Exercise:
Starting at the line that contains "Summary: This paper" and ending at the line that contains "For modern interiors, these", the lines below are to be given again exactly, with nothing added.
----- Data section -----
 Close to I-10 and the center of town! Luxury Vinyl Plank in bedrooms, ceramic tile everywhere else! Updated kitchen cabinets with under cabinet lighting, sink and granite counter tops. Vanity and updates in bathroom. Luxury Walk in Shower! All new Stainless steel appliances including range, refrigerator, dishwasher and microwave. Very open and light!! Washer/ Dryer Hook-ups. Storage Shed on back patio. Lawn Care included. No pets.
-----
----- Data section -----
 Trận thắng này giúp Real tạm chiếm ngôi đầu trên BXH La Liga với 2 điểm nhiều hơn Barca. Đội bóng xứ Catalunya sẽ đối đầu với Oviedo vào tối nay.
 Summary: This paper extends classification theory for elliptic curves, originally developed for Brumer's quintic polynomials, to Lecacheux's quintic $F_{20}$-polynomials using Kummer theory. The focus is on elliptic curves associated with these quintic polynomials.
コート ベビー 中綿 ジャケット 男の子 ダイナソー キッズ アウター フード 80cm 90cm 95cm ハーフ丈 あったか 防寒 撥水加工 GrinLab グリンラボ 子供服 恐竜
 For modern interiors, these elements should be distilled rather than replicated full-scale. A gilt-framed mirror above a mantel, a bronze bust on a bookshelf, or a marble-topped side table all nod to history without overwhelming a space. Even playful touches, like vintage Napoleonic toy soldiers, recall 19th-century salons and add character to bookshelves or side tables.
-----
Result of this exercise:
 Summary: This paper extends classification theory for elliptic curves, originally developed for Brumer's quintic polynomials, to Lecacheux's quintic $F_{20}$-polynomials using Kummer theory. The focus is on elliptic curves associated with these quintic polynomials.
コート ベビー 中綿 ジャケット 男の子 ダイナソー キッズ アウター フード 80cm 90cm 95cm ハーフ丈 あったか 防寒 撥水加工 GrinLab グリンラボ 子供服 恐竜
 For modern interiors, these elements should be distilled rather than replicated full-scale. A gilt-framed mirror above a mantel, a bronze bust on a bookshelf, or a marble-topped side table all nod to history without overwhelming a space. Even playful touches, like vintage Napoleonic toy soldiers, recall 19th-century salons and add character to bookshelves or side tables.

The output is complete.